__Information given__:
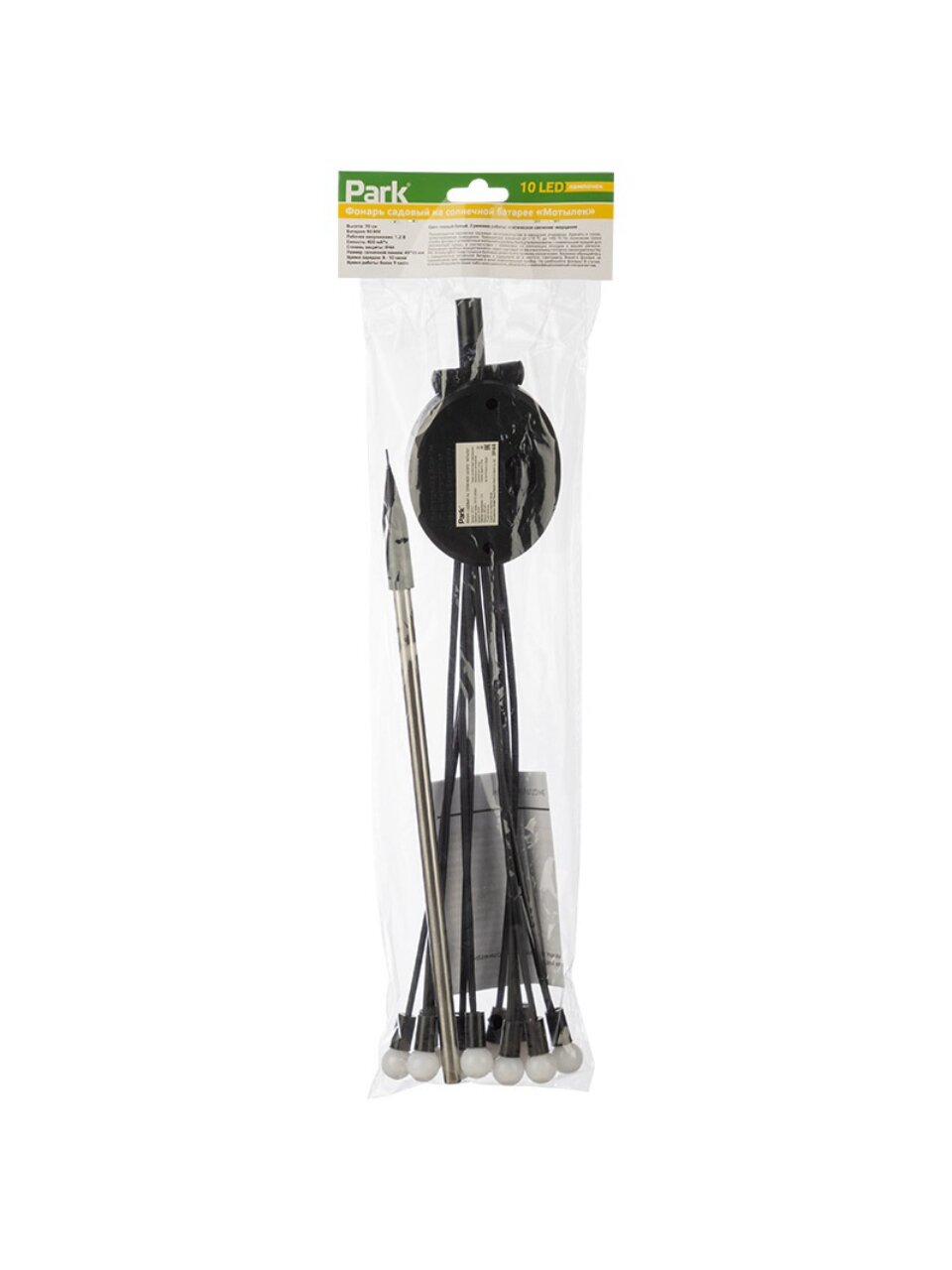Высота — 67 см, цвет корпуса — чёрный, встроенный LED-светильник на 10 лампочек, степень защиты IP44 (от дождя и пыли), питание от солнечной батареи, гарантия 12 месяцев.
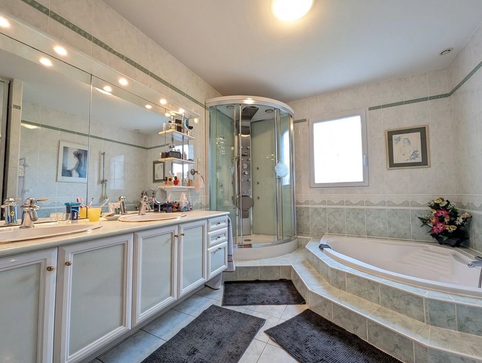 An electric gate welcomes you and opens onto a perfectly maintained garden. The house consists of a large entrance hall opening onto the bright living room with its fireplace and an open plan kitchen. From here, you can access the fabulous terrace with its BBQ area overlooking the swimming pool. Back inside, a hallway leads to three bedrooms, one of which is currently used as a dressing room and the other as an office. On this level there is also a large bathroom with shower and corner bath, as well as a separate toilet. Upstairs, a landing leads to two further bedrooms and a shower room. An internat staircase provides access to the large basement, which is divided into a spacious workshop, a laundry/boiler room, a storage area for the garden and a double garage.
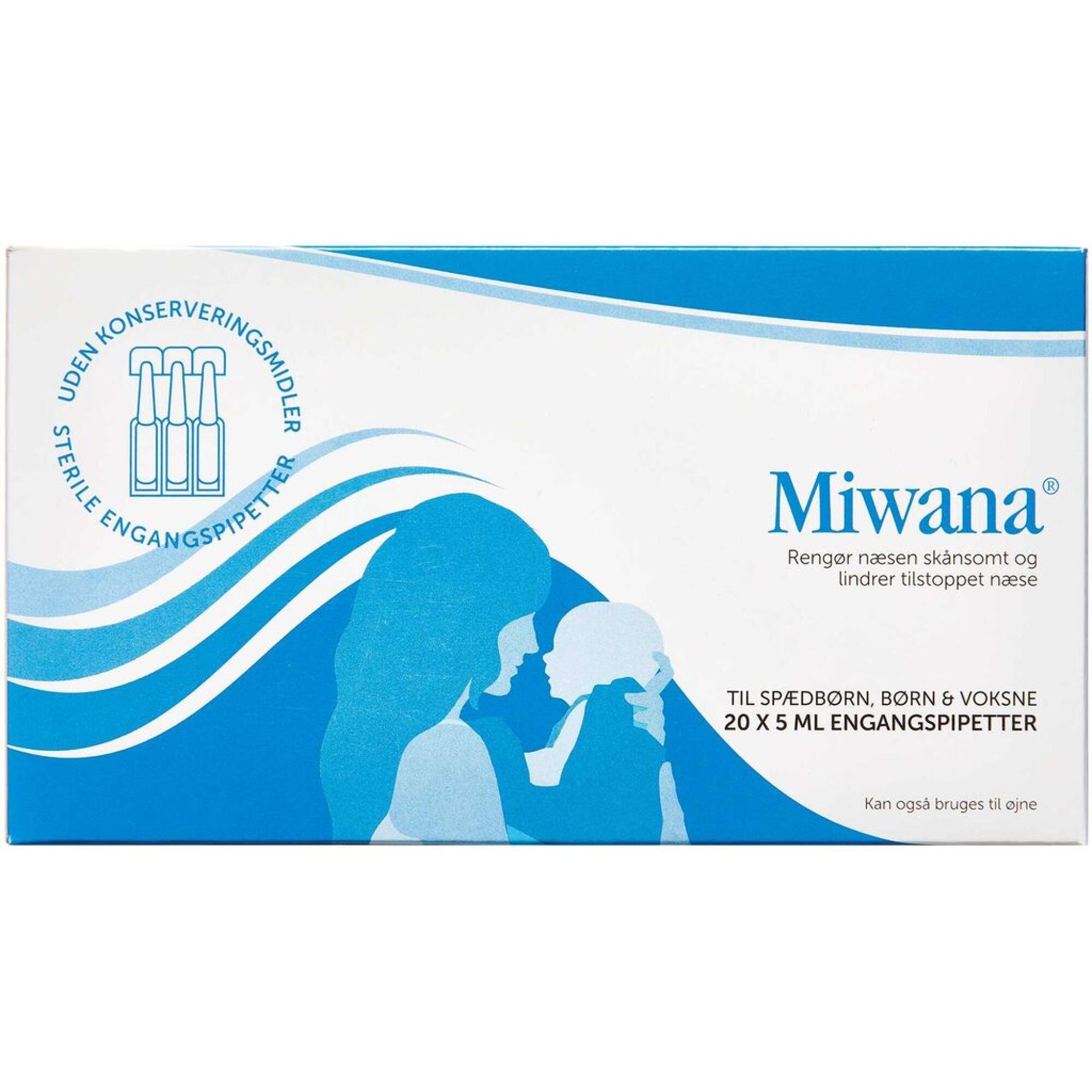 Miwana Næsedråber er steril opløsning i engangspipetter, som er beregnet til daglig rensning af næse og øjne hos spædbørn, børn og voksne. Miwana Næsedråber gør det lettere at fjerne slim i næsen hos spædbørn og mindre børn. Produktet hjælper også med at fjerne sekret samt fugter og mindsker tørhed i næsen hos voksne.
---
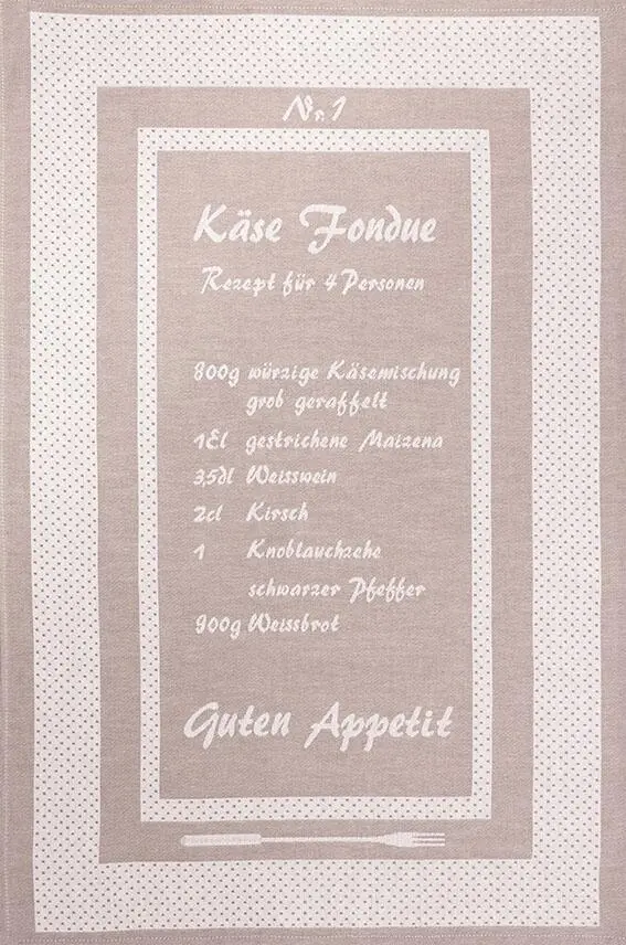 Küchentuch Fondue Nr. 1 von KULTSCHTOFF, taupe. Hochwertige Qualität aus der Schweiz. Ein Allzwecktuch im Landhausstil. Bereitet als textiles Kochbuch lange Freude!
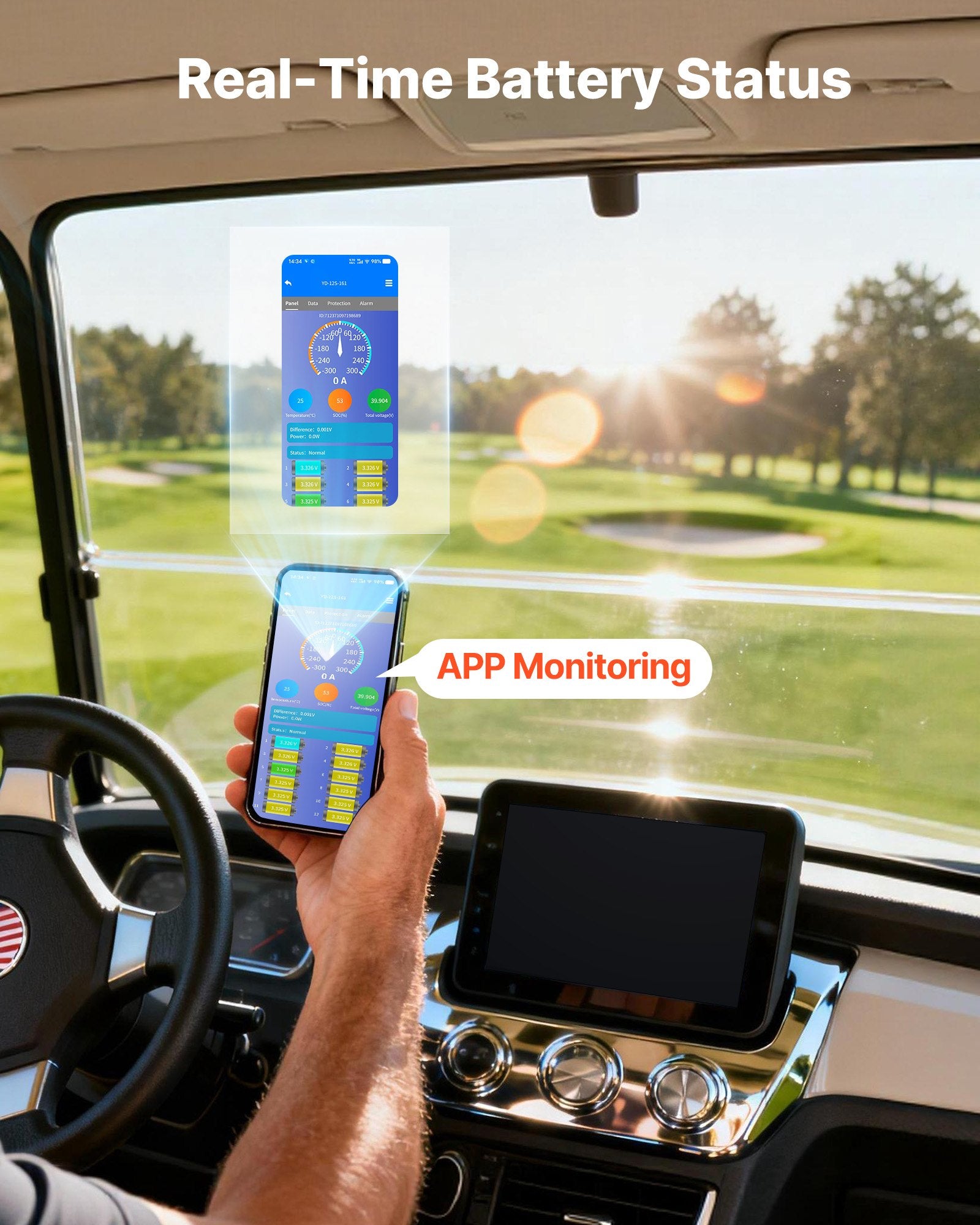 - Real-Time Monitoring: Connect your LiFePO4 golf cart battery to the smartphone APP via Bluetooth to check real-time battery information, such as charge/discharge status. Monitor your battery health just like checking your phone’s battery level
--
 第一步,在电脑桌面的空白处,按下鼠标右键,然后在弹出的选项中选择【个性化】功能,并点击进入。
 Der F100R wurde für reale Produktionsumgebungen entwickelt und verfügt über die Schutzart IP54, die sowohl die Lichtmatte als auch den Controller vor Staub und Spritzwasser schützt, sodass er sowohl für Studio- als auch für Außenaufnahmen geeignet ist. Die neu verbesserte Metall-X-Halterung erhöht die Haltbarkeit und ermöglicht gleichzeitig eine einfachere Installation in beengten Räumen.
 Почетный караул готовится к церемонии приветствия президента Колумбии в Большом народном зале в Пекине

__What to produce__: Would you copy, word for word, only the lines above from the one containing "Высота — 67" through the one containing "An electric gate", both included, and please leave out the pictures?

__Final answer__:
Высота — 67 см, цвет корпуса — чёрный, встроенный LED-светильник на 10 лампочек, степень защиты IP44 (от дождя и пыли), питание от солнечной батареи, гарантия 12 месяцев.
 An electric gate welcomes you and opens onto a perfectly maintained garden. The house consists of a large entrance hall opening onto the bright living room with its fireplace and an open plan kitchen. From here, you can access the fabulous terrace with its BBQ area overlooking the swimming pool. Back inside, a hallway leads to three bedrooms, one of which is currently used as a dressing room and the other as an office. On this level there is also a large bathroom with shower and corner bath, as well as a separate toilet. Upstairs, a landing leads to two further bedrooms and a shower room. An internat staircase provides access to the large basement, which is divided into a spacious workshop, a laundry/boiler room, a storage area for the garden and a double garage.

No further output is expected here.